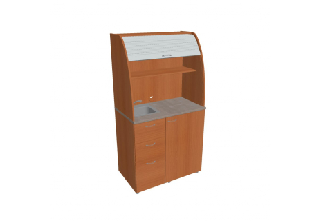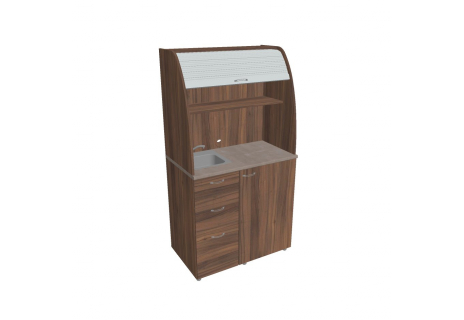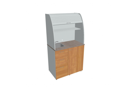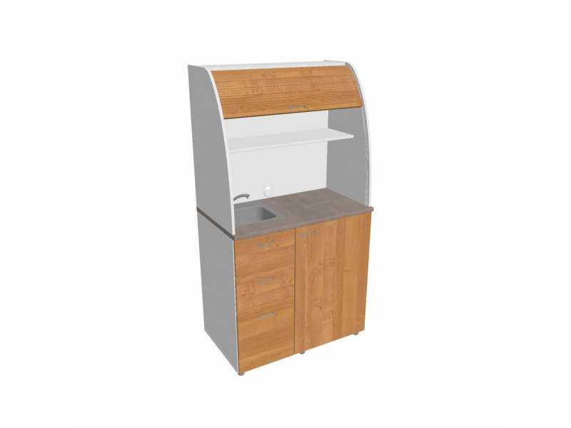 Dvě police ve vrchní části kuchyňky poskytují dostatečnou kapacitu pro vaše skleničky, hrnky či talíře. Na pracovní desku můžete umístit např. kávovar a kabelovou průchodkou v zadní části vyvedete přívodní kabel z prostoru kuchyňky.
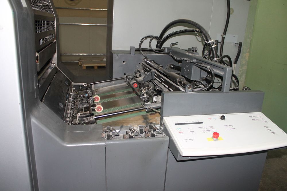 Counter: 70 mio Colors: 5 (5+0 / 2+3) CIP3 (перeдача параметров заказа и профилей красочных зон по сети) CP 2000 Control Center Full automatic perfector Automatic blanket, roller and impression-cylinder washing device Autoplate (semi-automatic plate loader) ITC Ink temperature control Technotrans Beta refrigeration VARIO system Preset - automatic size device in feeder and delivery Powder sprayer Antistatic in feeder and delivery Steelplate in feeder and delivery Non-stop delivery High pile delivery Plate punch Beil 425 Max. paper size: 530x740 mm Image area: 520x740 mm Speed: 15.000 sh/h Power consumption: 62.5 kw Length: 9300 mm (+1500 mm CP2000) Width: 2760 mm Height: 1860 mm Weight netto approx.: 24500 kg Weight brutto approx.: 26200 kg
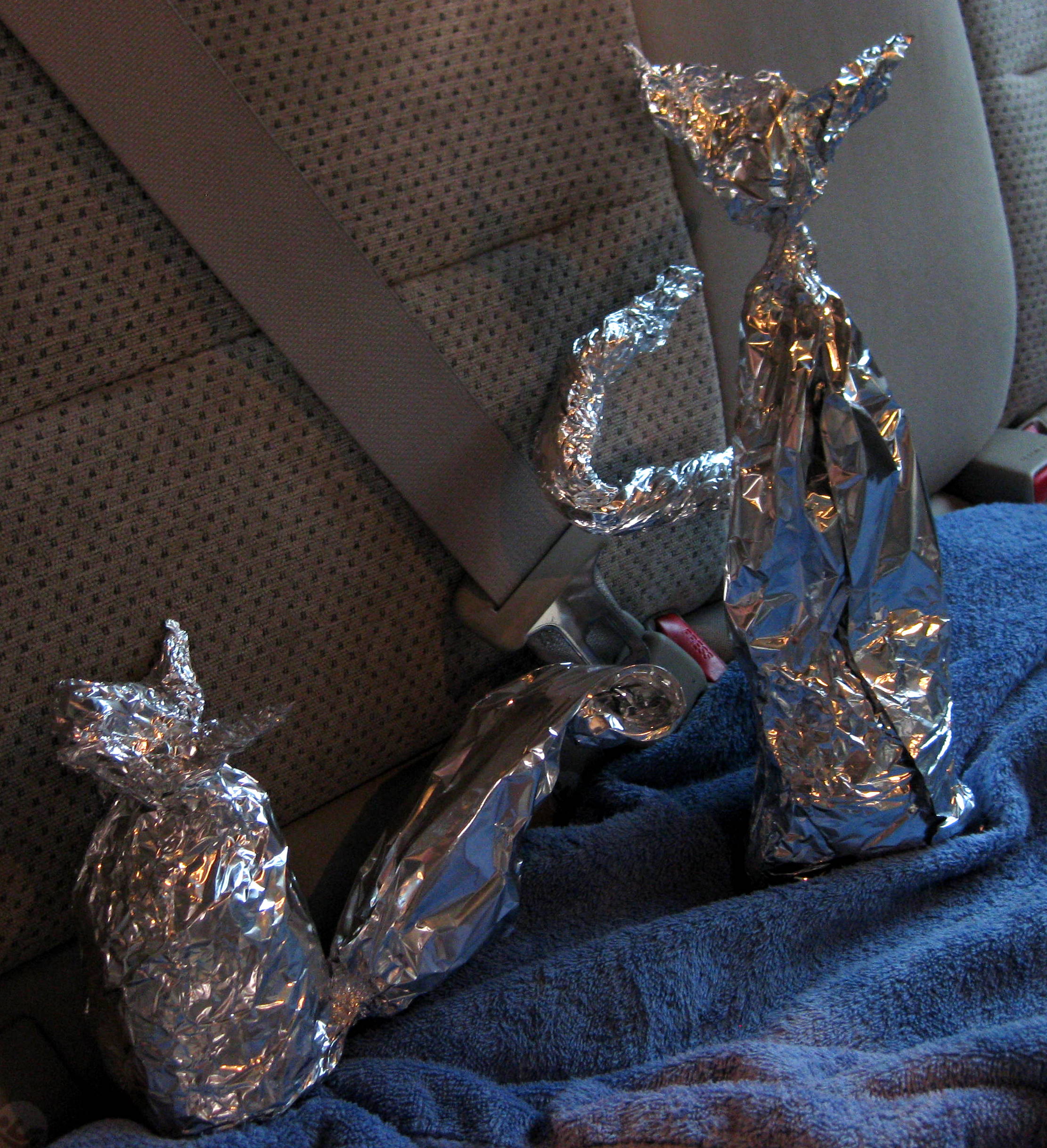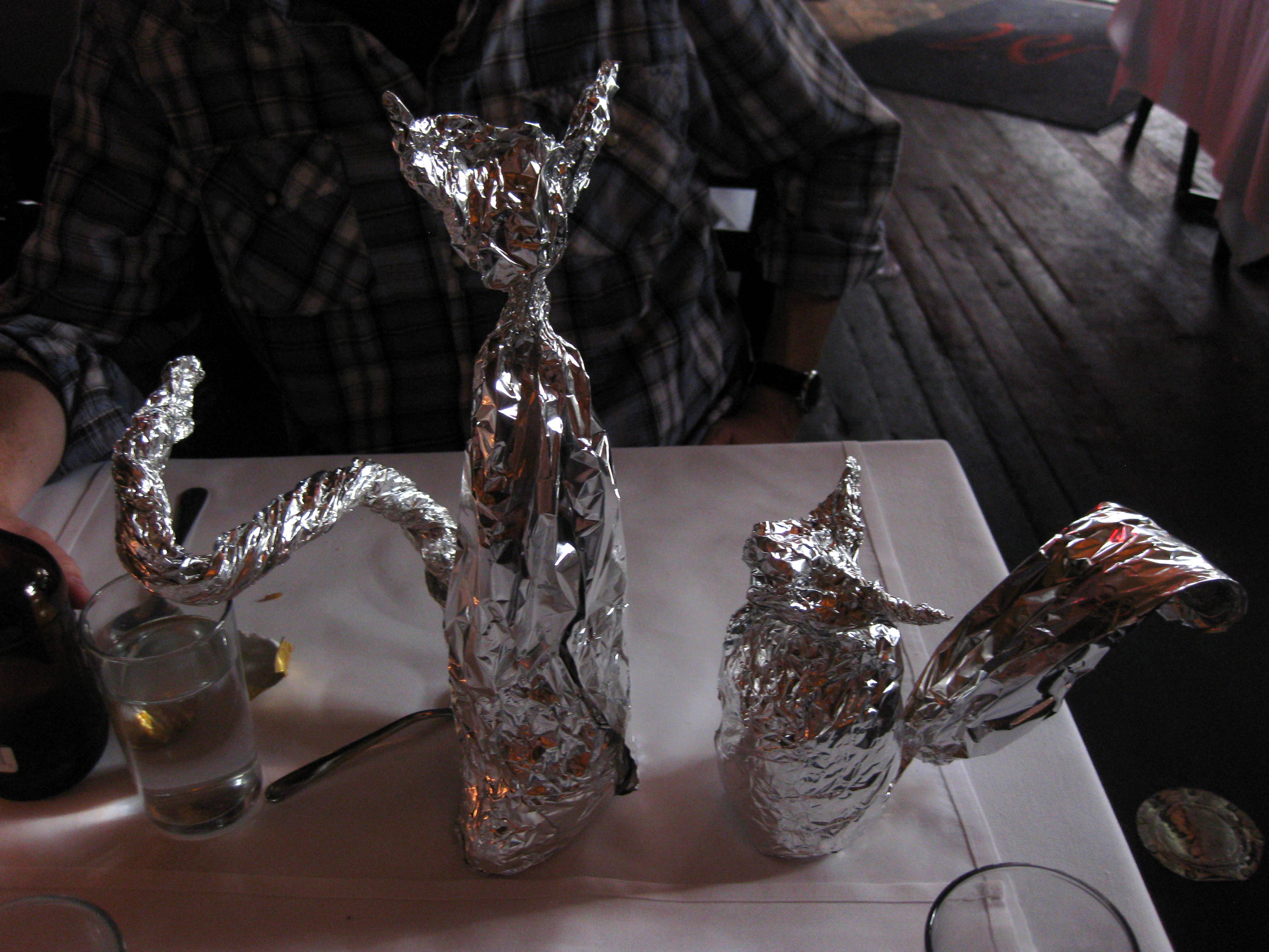 The play of culture and carnivale continued as we finished our meal. Our server asked if we wanted our leftovers wrapped up, and when we acquiesced he disappeared with our plates and returned with a stylized cat and squirrel made of aluminum foil, holding our remaining dinners in their tin bellies. As they faced off against one another at the table, our server walked over holding a plate leaping with orange and blue flames: dessert on fire for my birthday. Unless N. ordered this while I was in the ladies’ room (I suspect not), this was our server’s doing alone. I’d mentioned it was my day at the outset of the meal, but I hadn’t been expecting anything from it. Instead, what I got was essentially ice cream pie set alight.
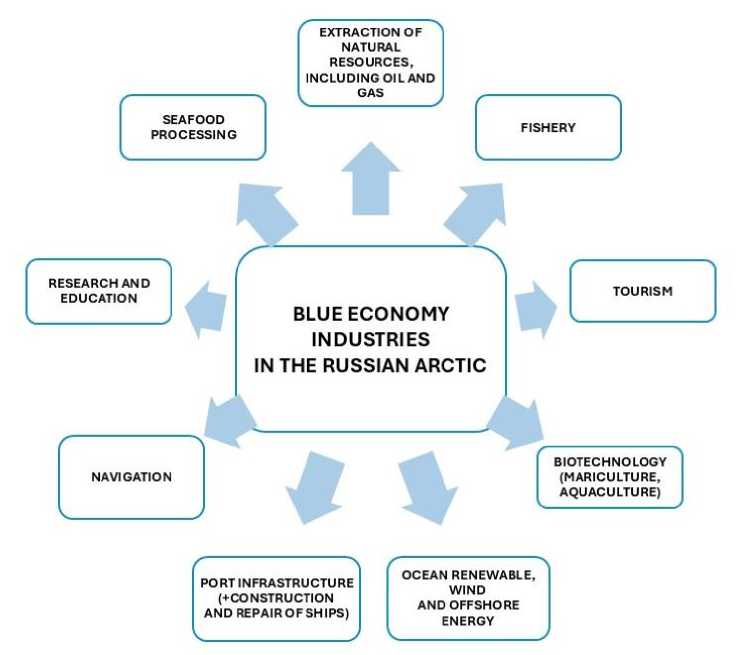 Studies devoted to the applicability of the Blue Economy to the Arctic Zone of the Russian Federation also identify the Blue Economy of the Arctic as an economy of the sea [9, Druzhinin A.G., Lachininskii S.S.] or see it as a tool for sustainable development, noting the need to develop government and business projects [10, Kokurina A.D., Monastyrskiy D.I.], focused on the Arctic sea area, the development of shipping and seaports, decarbonization, further digitalization, the use of new technologies and the creation of sustainable supply chains [11, Krivichev A.I., Nyudleyev D.D., Sidorenko V.N., pp. 415–424]. G. Tianming and co-authors note that the Russian Arctic is characterized not only by its marine economy, but also by a number of coastal activities related to the sea (aquaculture, shipping, offshore oil and gas production, etc.) or affect marine bioenergy (e.g., reduction of emissions into the coastal atmosphere and water, waste management, coastal tourism, creation of nature reserves and parks, etc.) [12].
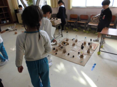 「いらっしゃい!いらっしゃい!」元気な声が響いていました。今日は、1年生の「あきのおみせやさん」に松原保育園のみなさんが来てくださいました。かわいいたくさんのお客さんに1年生は大喜びでした。みんなで楽しい時間を過ごしました。
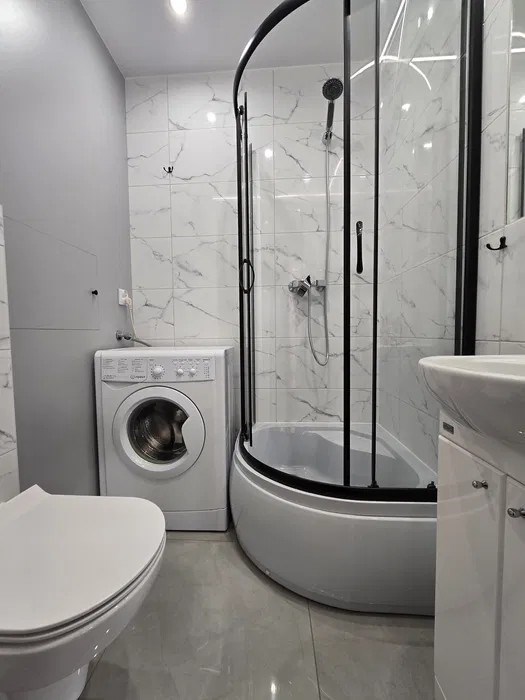 łazienka z kabiną prysznicową i WC
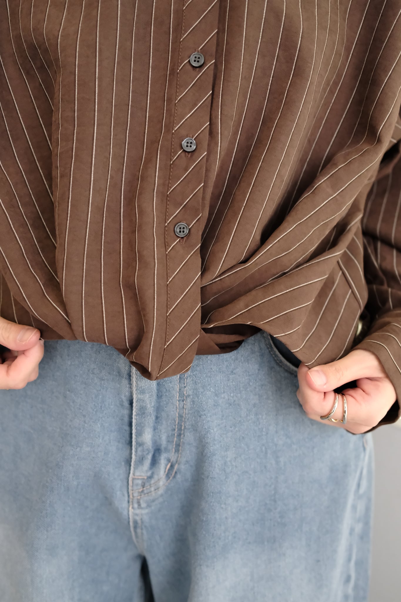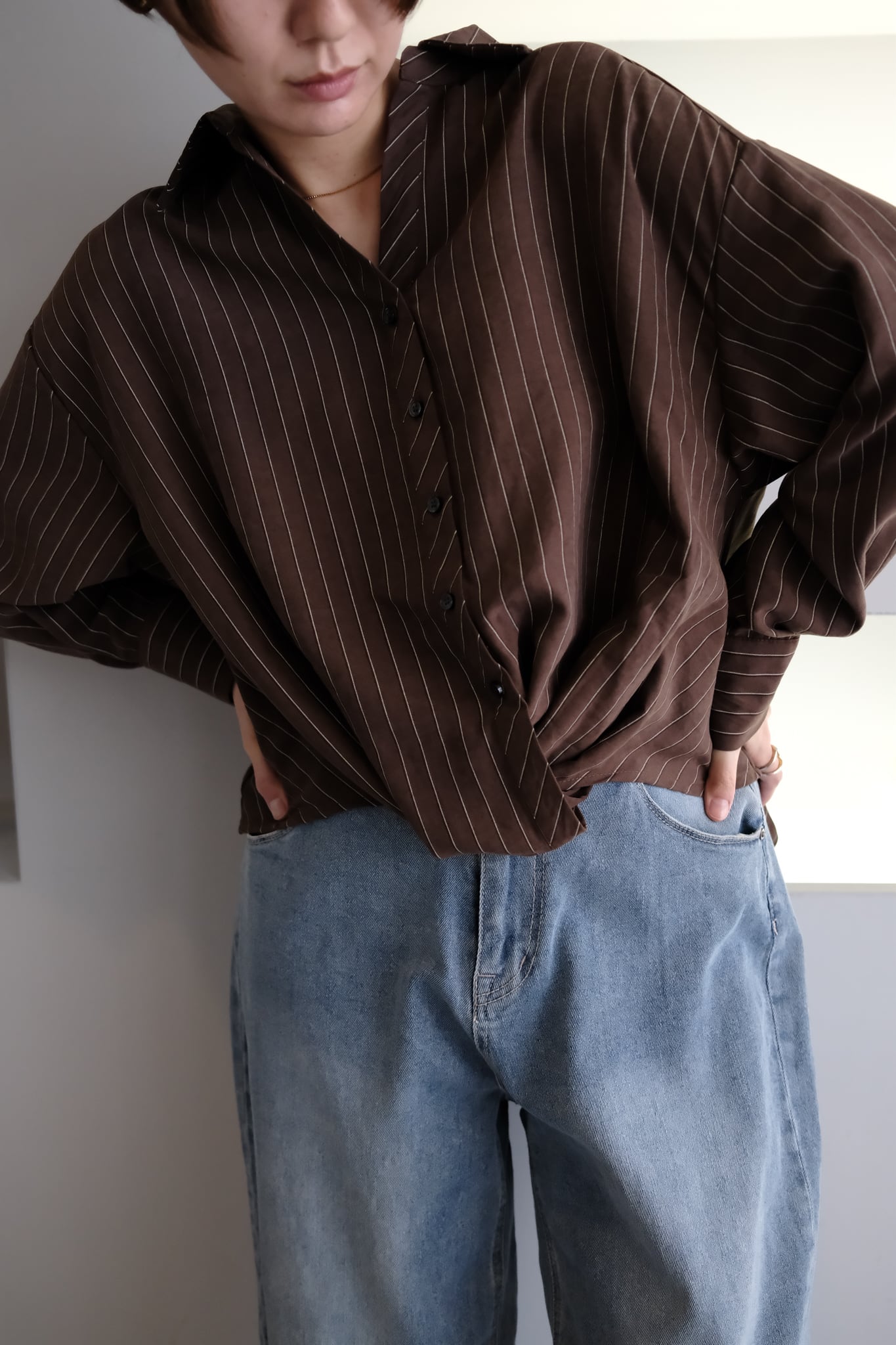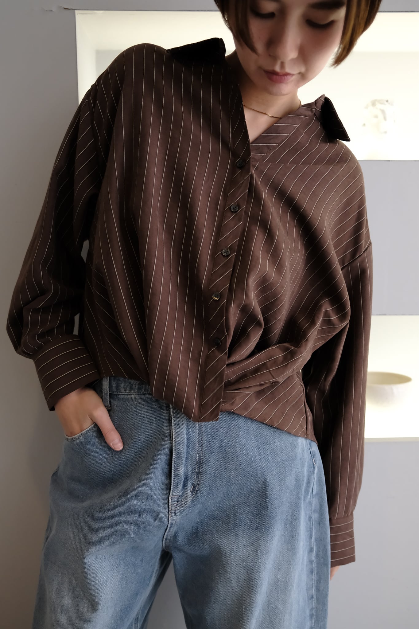 Peach Skin Stripe Waist Cross Shirts ピーチスキンストライプウエストクロスシャツ Brown

────

* [DIRECTIONS] A faithful copy of all the records is required, with the pictures left out.

* [EXERCISE SOLUTION]
 Dvě police ve vrchní části kuchyňky poskytují dostatečnou kapacitu pro vaše skleničky, hrnky či talíře. Na pracovní desku můžete umístit např. kávovar a kabelovou průchodkou v zadní části vyvedete přívodní kabel z prostoru kuchyňky.
 Counter: 70 mio Colors: 5 (5+0 / 2+3) CIP3 (перeдача параметров заказа и профилей красочных зон по сети) CP 2000 Control Center Full automatic perfector Automatic blanket, roller and impression-cylinder washing device Autoplate (semi-automatic plate loader) ITC Ink temperature control Technotrans Beta refrigeration VARIO system Preset - automatic size device in feeder and delivery Powder sprayer Antistatic in feeder and delivery Steelplate in feeder and delivery Non-stop delivery High pile delivery Plate punch Beil 425 Max. paper size: 530x740 mm Image area: 520x740 mm Speed: 15.000 sh/h Power consumption: 62.5 kw Length: 9300 mm (+1500 mm CP2000) Width: 2760 mm Height: 1860 mm Weight netto approx.: 24500 kg Weight brutto approx.: 26200 kg
 The play of culture and carnivale continued as we finished our meal. Our server asked if we wanted our leftovers wrapped up, and when we acquiesced he disappeared with our plates and returned with a stylized cat and squirrel made of aluminum foil, holding our remaining dinners in their tin bellies. As they faced off against one another at the table, our server walked over holding a plate leaping with orange and blue flames: dessert on fire for my birthday. Unless N. ordered this while I was in the ladies’ room (I suspect not), this was our server’s doing alone. I’d mentioned it was my day at the outset of the meal, but I hadn’t been expecting anything from it. Instead, what I got was essentially ice cream pie set alight.
 Studies devoted to the applicability of the Blue Economy to the Arctic Zone of the Russian Federation also identify the Blue Economy of the Arctic as an economy of the sea [9, Druzhinin A.G., Lachininskii S.S.] or see it as a tool for sustainable development, noting the need to develop government and business projects [10, Kokurina A.D., Monastyrskiy D.I.], focused on the Arctic sea area, the development of shipping and seaports, decarbonization, further digitalization, the use of new technologies and the creation of sustainable supply chains [11, Krivichev A.I., Nyudleyev D.D., Sidorenko V.N., pp. 415–424]. G. Tianming and co-authors note that the Russian Arctic is characterized not only by its marine economy, but also by a number of coastal activities related to the sea (aquaculture, shipping, offshore oil and gas production, etc.) or affect marine bioenergy (e.g., reduction of emissions into the coastal atmosphere and water, waste management, coastal tourism, creation of nature reserves and parks, etc.) [12].
 「いらっしゃい!いらっしゃい!」元気な声が響いていました。今日は、1年生の「あきのおみせやさん」に松原保育園のみなさんが来てくださいました。かわいいたくさんのお客さんに1年生は大喜びでした。みんなで楽しい時間を過ごしました。
 łazienka z kabiną prysznicową i WC
 Peach Skin Stripe Waist Cross Shirts ピーチスキンストライプウエストクロスシャツ Brown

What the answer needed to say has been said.